Marshall Kirkpatrick's recent piece on ReadWriteWeb about The Inner Circle of 10 Geek Heroes listed me as a person with whom the remarkable Beth Kanter interacts often on Twitter. Which surprised me a bit, only because I have been totally submerged in school for the last seven months getting an MBA at Simmons in Boston, and have radically curtailed my twitter usage (and bloggage) as a result of the intense and all-consuming workload of an accelerated MBA program. So I thought I was pretty well out of the loop -- things move fast on Twitter, and seem to have been moving even faster of late.

I love the visualization of my network that this tool provides -- you can tweak it in all sorts of ways, too, to find out who lives where (if your network is particularly complex geographically, as mine is), what they talk about, and what their network maps look like.

One of the most common things I hear in conversation with other Twitterers is Well, do you know so-and-so? And the answer is no, more often than you might think.
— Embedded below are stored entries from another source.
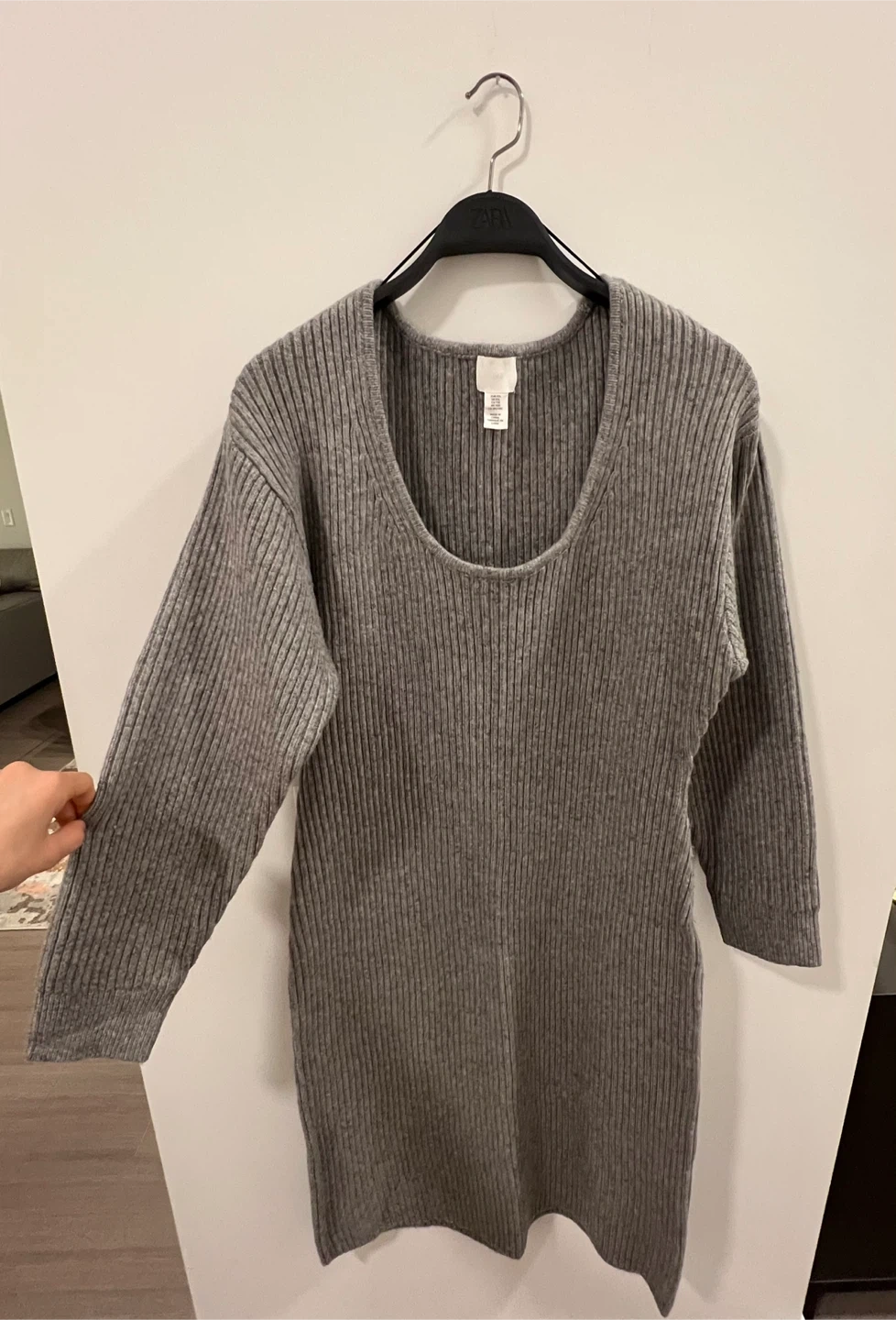 Grey ribbed knit dress from H&M. It features a flattering scoop neck and three-quarter length sleeves. Made from a soft, stretchy material for comfort. This dress is super versatile and can be dressed up or down!
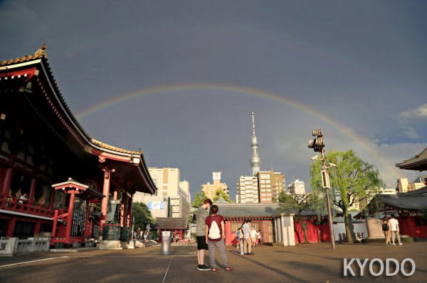 | 雷雨交加過後,飛掛在東京淺草寺上空的雙重彩虹。後面是東京晴空塔(8月13日下午,kyodo) |
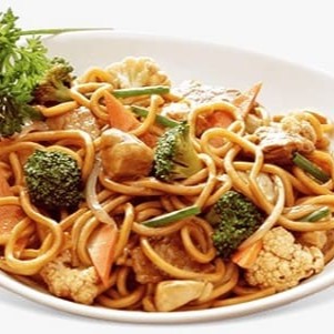 Macarrão frito servido ao molho com legumes. Obs: não leva molho de ostra. Contém ovo. Yakisoba padrão japones, com pouco molho.
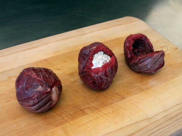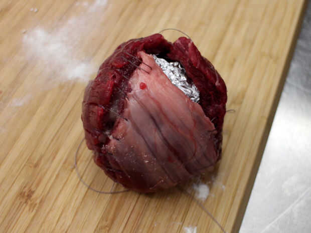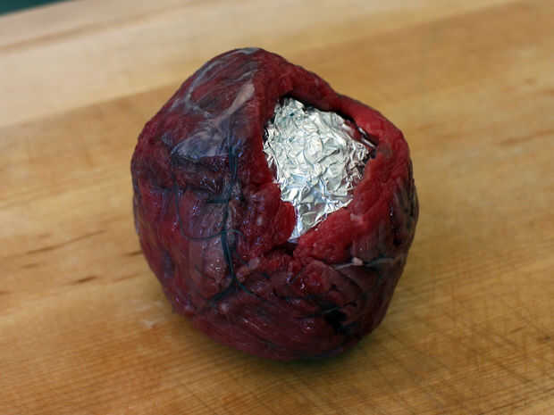 Cosas cada bola con una esfera rugosa de amontonados encima de papel de aluminio para ayudarles a mantener su forma mientras que el pegamento de carne trabaja su magia. Hacer un poco de la mezcla de agua y pegamento de la carne, y luego extendido a lo largo de todas las costuras para hacer absolutamente seguro que el sello.
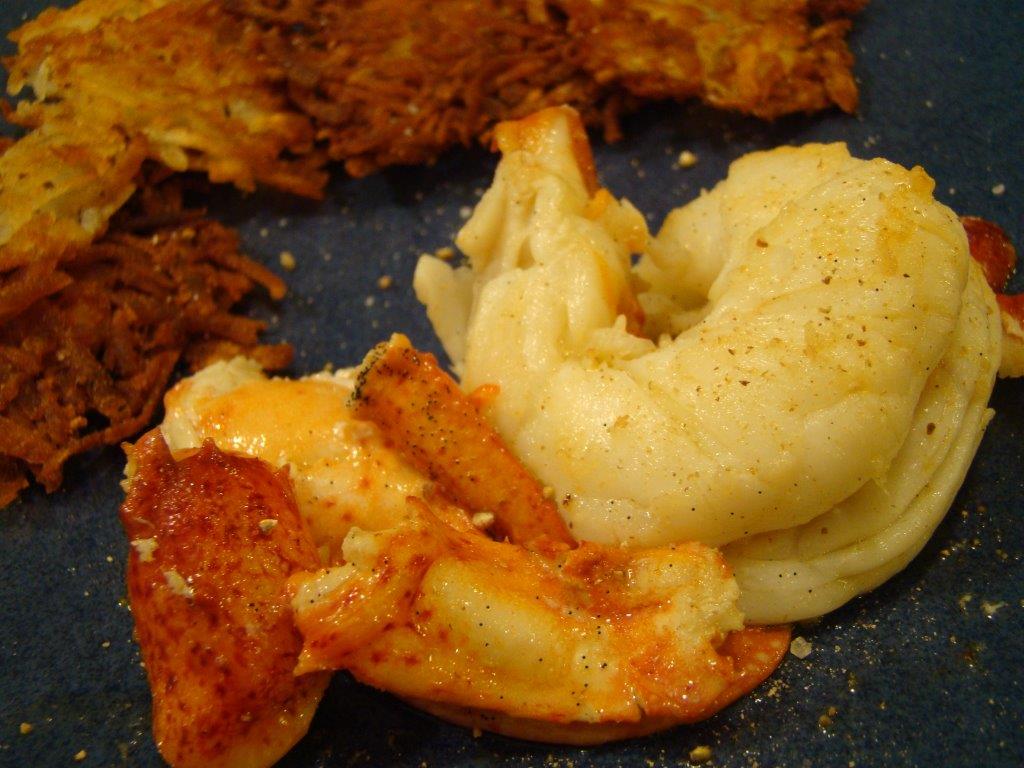 Also, the recipe calls for a pound and a half of butter. We were making about the half the lobster, but even so, I used only 1½ sticks which was plenty to cover all the meat and impart its vanilla flavor. I saved the leftover vanilla butter, and I’m thinking of bathing some cooked shrimp in it to serve over rice for dinner tonight.
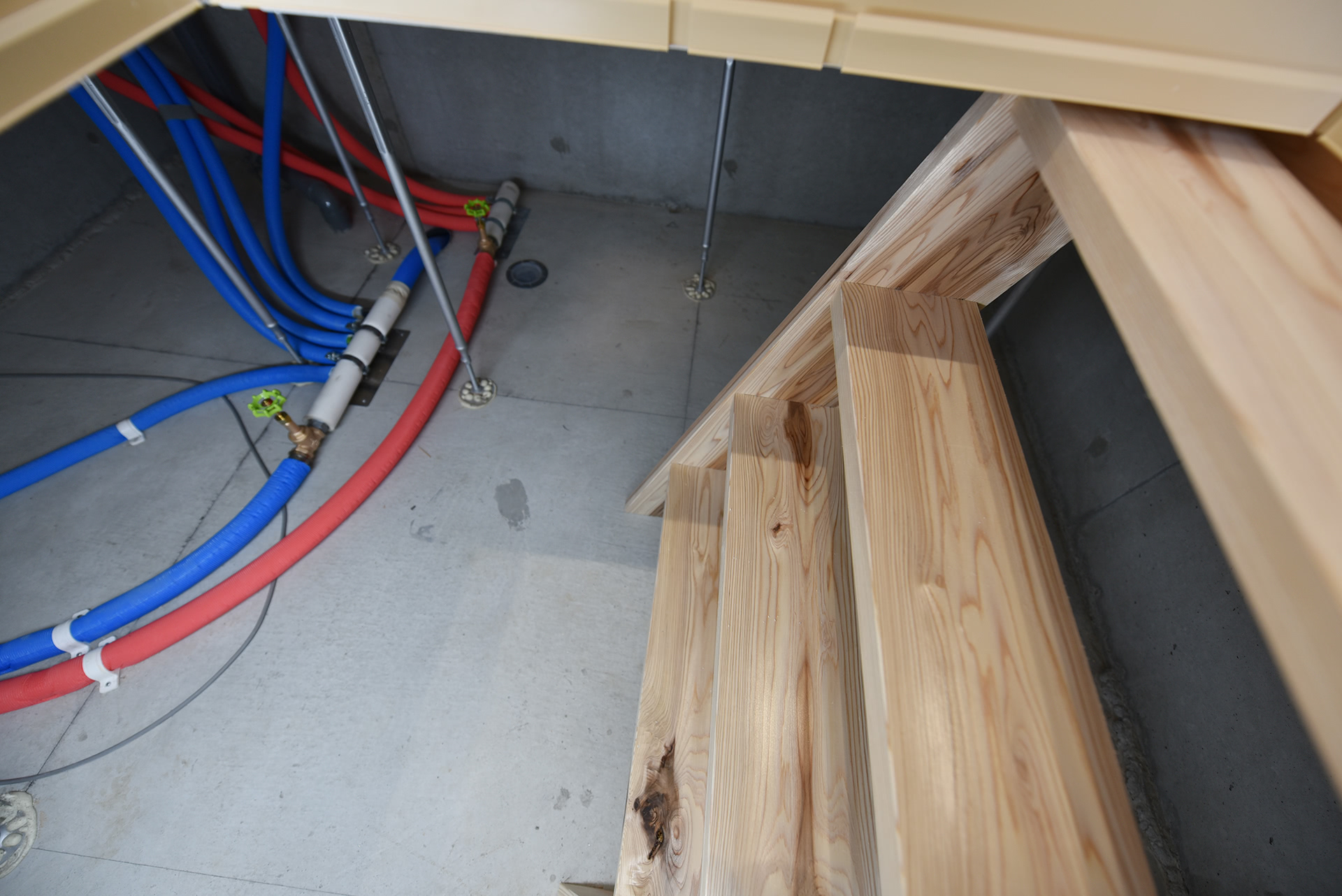 基礎を1m上げた分、高さのある空間が出来たので食料品などはこちらに保存できるようキッチンの点検口に梯子を設置。
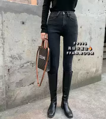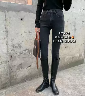 FFAN9096 plus velvet padded denim pipe pants women winter Korean version of high waist stretch thin nine points pencil pants boots
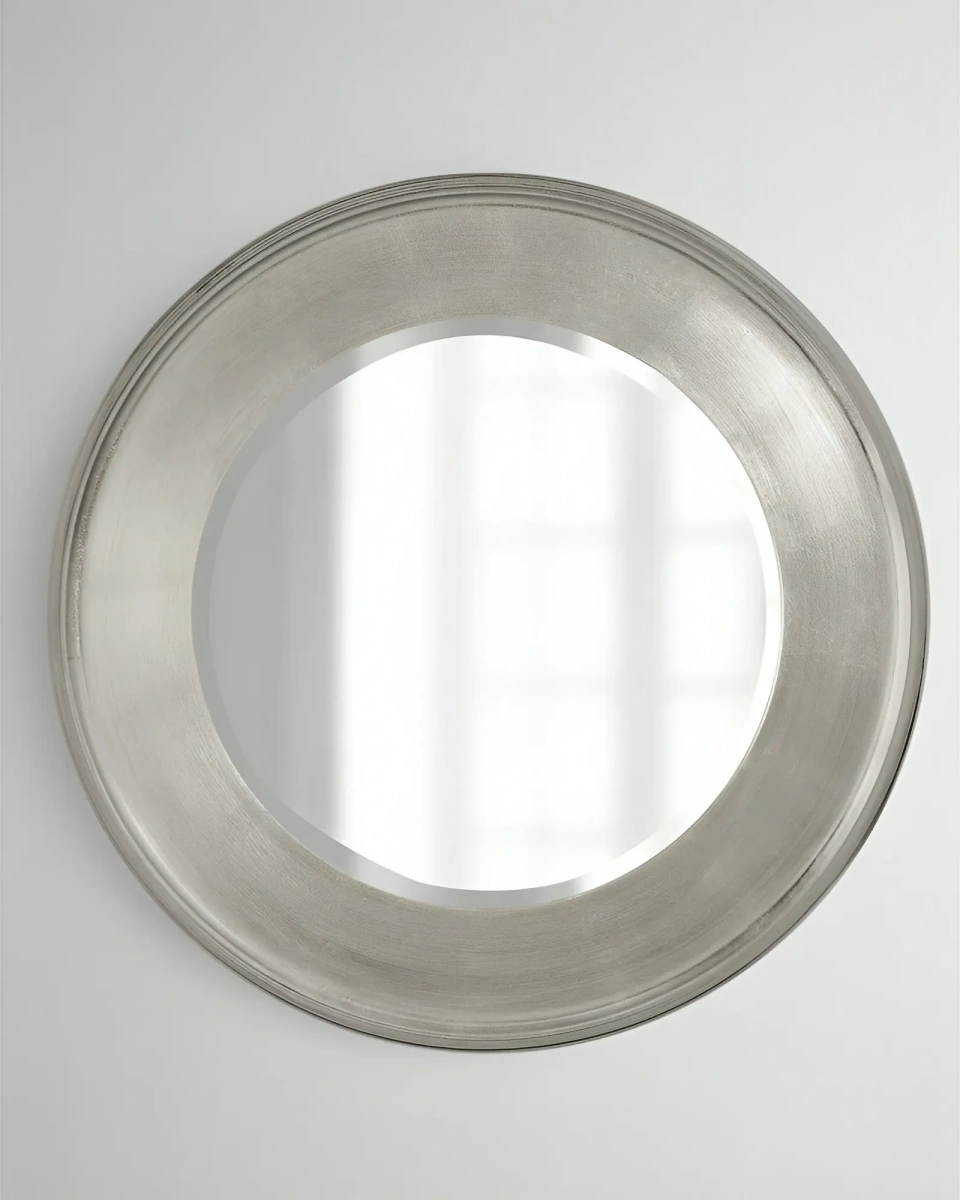 Серебряное настенное зеркало "Рассел" - это круглое зеркало в простой, лаконичной и широкой раме с потрясающей отделкой из серебряной потали. Благодаря своей форме и размерам, зеркало "Рассел" отлично впишется в любой интерьер, добавив ему шарма и элегантности. Серебряная поталь на раме зеркала создает потрясающий эффект, придающий изделию утонченность и изысканность. Этот дизайнерский штрих придает зеркалу особую привлекательность и делает его по-настоящему уникальным. Кроме того, зеркало "Рассел" не только является элементом декора, но и практичным предметом мебели. Оно поможет вам создать ощущение простора и уютной атмосферы в помещении, а также будет отличным средством для визуального увеличения пространства.
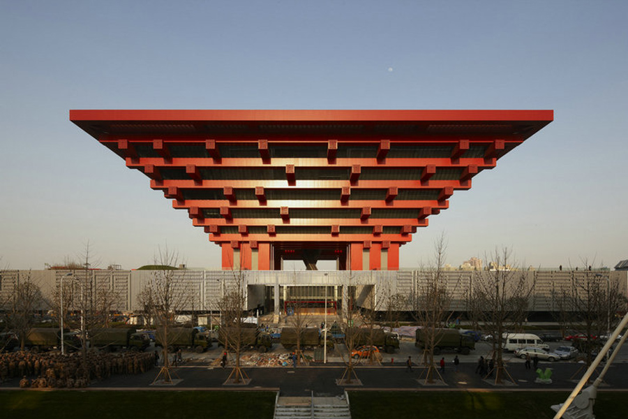 何镜堂设计的上海世博会中国馆,创作构思体现了“东方之冠、鼎盛中华;天下粮仓、富庶百姓”的创作理念。国家馆居中升起、层层出挑、庄严华美,形成凝聚中国元素、象征中国精神的主体造型——东方之冠。地区馆水平展开,汇聚人流,以基座平台的舒展形象衬托国家馆,展现出属于城市、面向世界的中国大舞台形象。
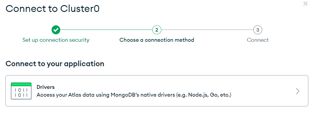 atlas 클러스터에 connect를 누르고 Drivers를 선택하여 DB 연결에 url을 가져온다.
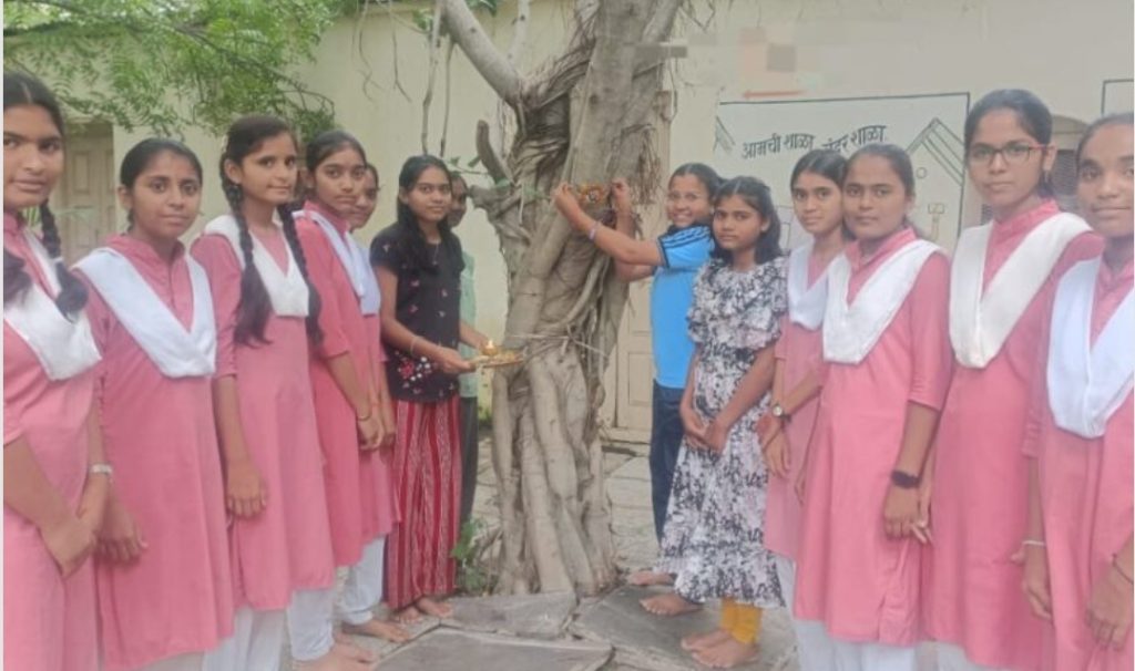 विद्यार्थिनींनी झाडांना राख्या बांधून दिला पर्यावरण रक्षणाचा संदेश.
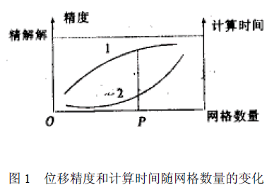 网格数量的多少将影响计算结果的精度和计算规模的大小。一般来讲,网格数量增加,计算精度会有所提高,但同时计算规模也会增加,所以在确定网格数量时应权衡两个因数综合考虑。 图1中的曲线1表示结构中的位移随网格数量收敛的一般曲线,曲线2代表计算时间随网格数量的变化。可以看出,网格较少时增加网格数量可以使计算精度明显提高,而计算时间不会有大的增加。当网格数量增加到一定程度后,再继续增加网格时精度提高甚微,而计算时间却有大幅度增加。所以应注意增加网格的经济性。实际应用时可以比较两种网格划分的计算结果,如果两次计算结果相差较大,可以继续增加网格,相反则停止计算。
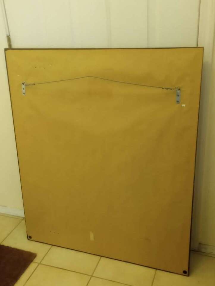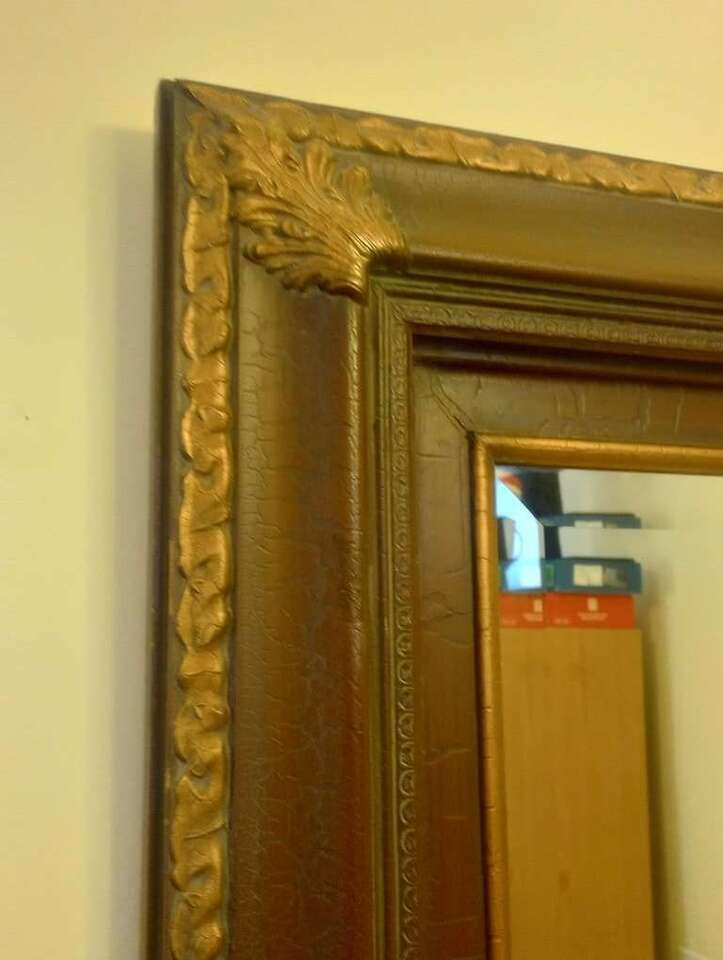 VenmoUsed--Large Mirror~~Brown & Gold~~ Measures 36 1/2" x 42 1/2". Has an antique-type look but is not antique. Has some unique and cool detail and texture on the frame that I tried to show in the pics. Has a wire hanger on the back. Has one very small flaw that I showed in the pic that we covered with paint and is not very noticeable. Other than that it is in excellent condition. From a smoke-free home. Have had this for several years but have taken very good care of it. It is good quality, and well built. Sturdy and a bit heavy. Price lowered to $30 cash or Venmo. Will hold with Venmo.
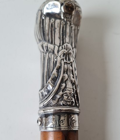 The silver knob is very beautifully made in Rococo style, note the little face / mascaron. The stick itself is made in Malaccatree.
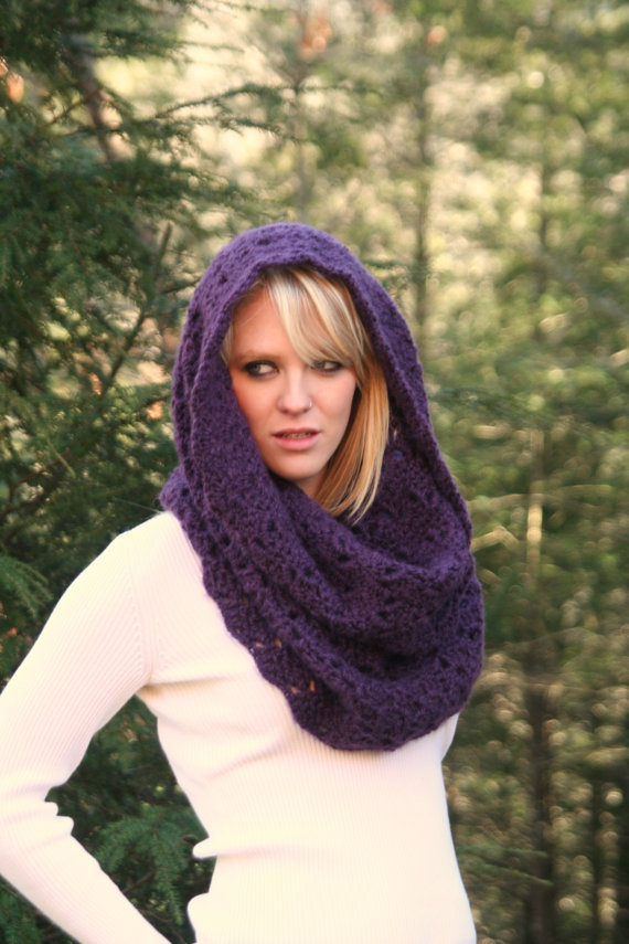 Eggplant Purple - Textured Chunky Cowl Scarf Snood or Capelet Winter Fashion
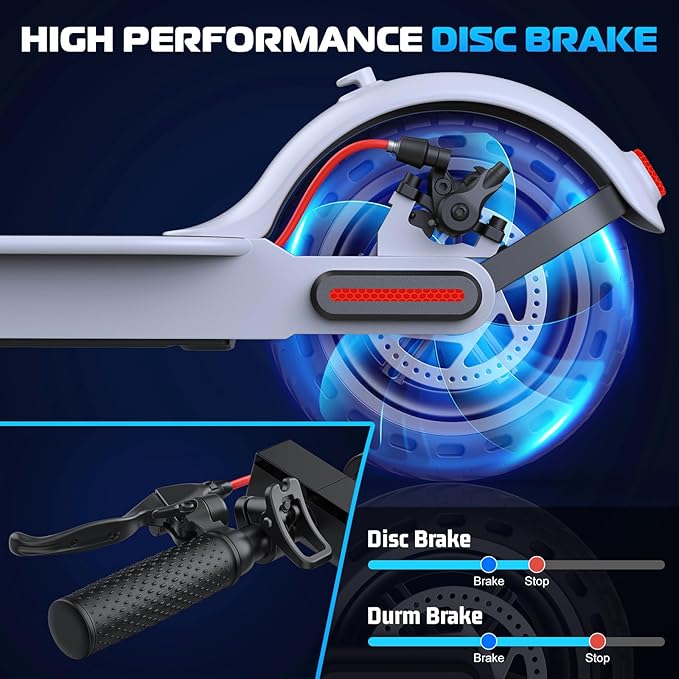 - ✔ Keep You Safe: The Caroma electric scooter adults has auto-lighting headlights for night visibility and safety warning taillights that flash during braking. The dual braking system (EABS anti-lock braking and DISC braking) ensures a quick 0.1S response for your safety. Equipped with 8.5-inch inner honeycomb solid tires, this electric scooter for adults offers superior shock absorption compared to e scooters with solid tires.

Because Twitter provides you with a personalized view of a very broad and multi-layered conversation, it is easy to allow yourself to believe that your view is at all similar to the view of others... just because you share a few connections.

It's pretty worthwhile, I think, to take a moment and click on some of your friends' links within your network map -- see what Twitter looks like from where they sit, and maybe see what angles you've been missing.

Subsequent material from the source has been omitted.